Bacillus thuringiensis Fact Sheet
Bacillus thuringiensis (B.t.) is a biological pest control agent. A living bacteria that occurs naturally in soil, B.t. produces poisons that cause disease in insect larvae. B.t. is sprayed in cities and forests, and is commonly used by organic farmers on crops with pest problems. Common targets include mosquitoes, black flies, gypsy moths, spruce budworms, and beetles.
One of the traits that initially favoured B.t. over synthetic pesticides was its selectivity: different subspecies of the B.t. bacteria affect different insects. B.t. has over 19 subspecies, and 5 are used commercially: kurstaki in forest pest control, israelensis for mosquitoes and black flies, and aiyawai, morrisoni, and san diego in crop production. This specificity is also important because it makes B.t. of low toxicity to humans.
Unexpected Inert Dangers
During a 1992 B.t. spraying program for gypsy moths in Oregon, a woman suffered from joint pain and neurological symptoms within 45 minutes after being exposed to the spray. She had a pre-existing allergy to a carbohydrate that was present as an inert ingredient. 

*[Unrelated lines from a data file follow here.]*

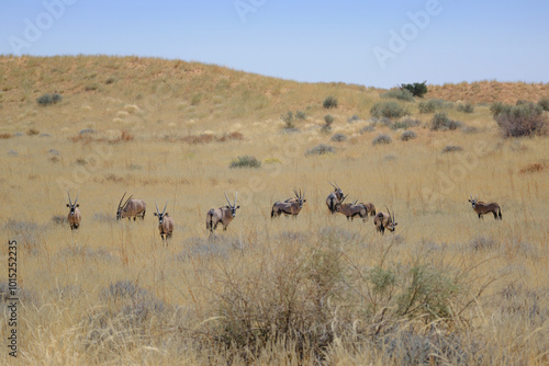 Naklejka premium Herd of oryx in the desert at the Kgalagadi national park, South Africa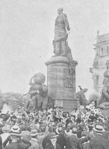 where he is welcomed by crowds cheering the imminent war. The president feigns innocence, but the demonstrators exhibit no such modesty; they know that the hour of revenge has struck at last. |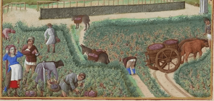 Récolte dans les vignes de Normandie lors de l'optimum médiéval - via Musée Condé de Chantilly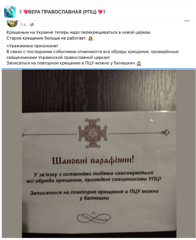 Для педалювання теми ставлення до релігії в Україні пропагандисти іноді вдаються до брехні на рівні фантастики. Так у мережі фейсбук розповсюджують "оголошення", яке нібито належить Православній церкві України, в якому йдеться про те, що парафіяни, охрещені священником УПЦ, повинні "повторно пройти хрещення у священника ПЦУ".

However, low toxicity does not mean no toxicity, and there are important reasons why B.t. should be used with caution. B.t. bacteria should not be confused with genetically engineered B.t. crops such as B.t. corn. These crops are designed to give off the B.t. toxin from every single cell of the plant. They therefore emit a relatively large amount of B.t. into the environment, which has been shown to kill non-target species such as butterflies. B.t. bacteria, on the other hand, do not pose a significant threat to non-targets when sprayed directly onto crops or into catch basins.
How It Works
Like many other bacteria, B.t. forms spores highly resitant, resting forms that protect the bacteria in tough environmental conditions. However, B.t. is unique in that it forms protein crystals along with its spores. This protein is the source of B.t.s toxicity. When the target insect larva eats a B.t. spore and its protein crystal, the protein dissolves in its gut and produces a toxin. The toxin interferes with food digestion, and the insect starves to death. The insect can also die from infection when the bacteria multiply and escape the digestive tract, travelling into the rest of the body. 

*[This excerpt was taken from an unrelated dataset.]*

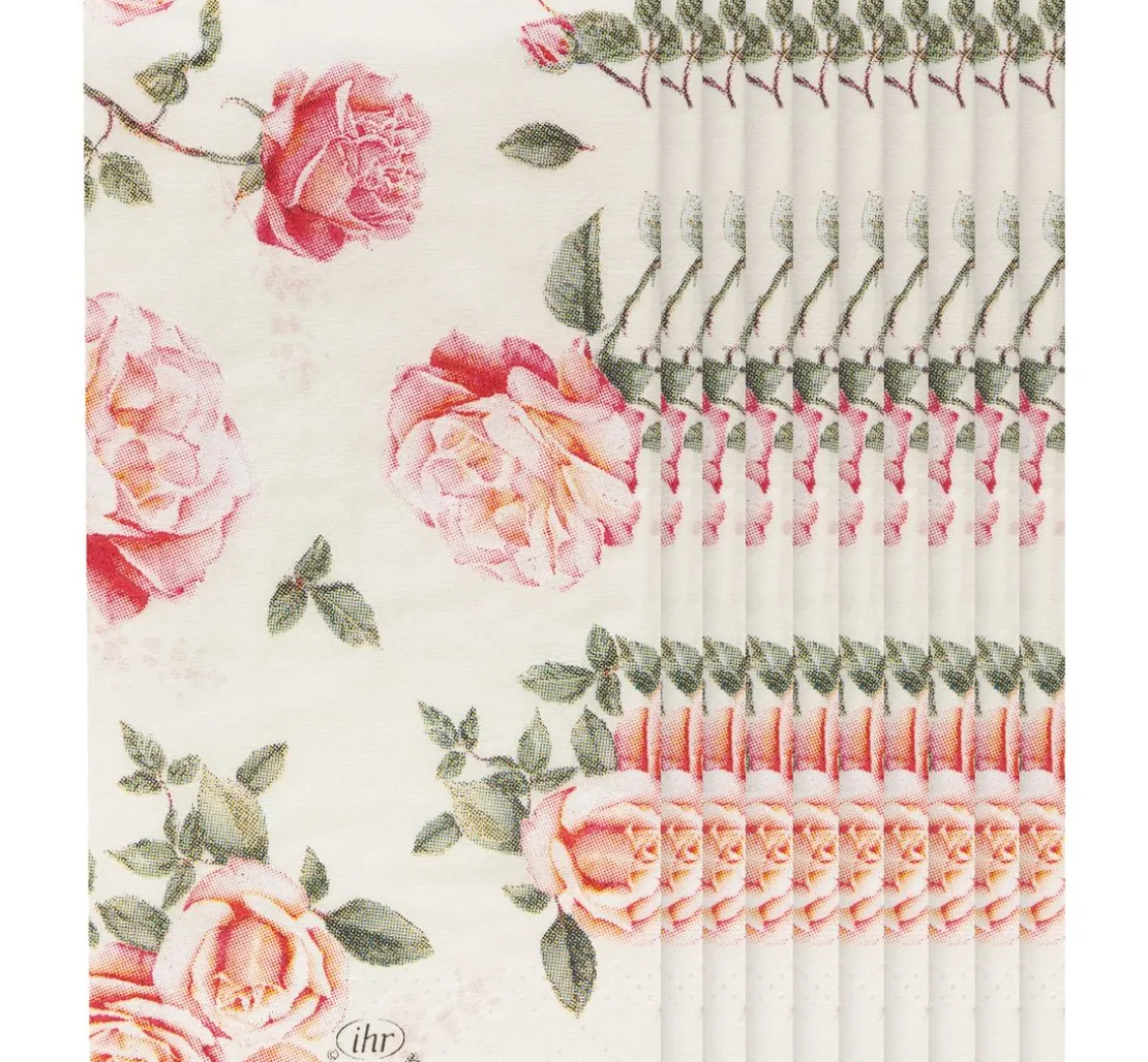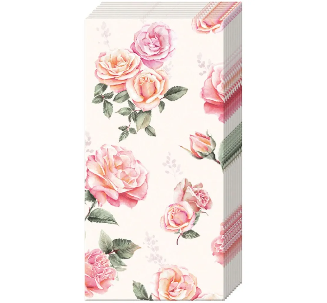Entdecke die Schönheit des Frühlings mit den Papiertaschentüchern „Roses“. Das zauberhafte Rosenmotiv erstreckt sich über die gesamte Serviette und bringt eine frische, blumige Atmosphäre in dein Zuhause. Mit der Serviettentechnik verwandelst du alltägliche Gegenstände wie Möbel oder Schubladen in einzigartige Kunstwerke. Einfach Serviettenkleber und Lack verwenden, um das Motiv auf Glas, Keramik oder Metall zu übertragen. Lass deiner Kreativität freien Lauf und gestalte deine Welt neu. Hol dir jetzt die Inspiration!

Like other larvicides, B.t. is effective because it interferes with regular insect life-cycles. Applying B.t when insects are at their larval stage prevents them from developing into mature adults which are able to reproduce. In contrast, B.t. has no significant effect on adult target insects.
B.t. is of low threat to humans because it does not persist in the digestive tracts of mammals. Classified as slightly toxic, the most common side-effects are skin and eye irritation.

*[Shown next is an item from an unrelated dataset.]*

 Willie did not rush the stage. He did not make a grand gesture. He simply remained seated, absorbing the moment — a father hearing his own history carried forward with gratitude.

While exposure to the B.t. bacteria may pose little threat to human health, the effects of inert ingredients included in B.t. products are cause for concern. Preparations of B.t. usually contain chemical additives such as emulsifiers, wetting agents and surfactants to improve product quality. Considered trade secrets by manufacturers, they are often not listed on the label.
Inert ingredients are potentially the most toxic component of B.t. products. Chemicals used as B.t. inerts include sodium hydroxide, which can damage the upper respiratory tract, sulphuric and phosphoric acid, recognized as being corrosive, and sodium sulfite, known to cause nausea, diarrhea, lowered blood pressure, hives, shock, and loss of consciousness in sensitive individuals.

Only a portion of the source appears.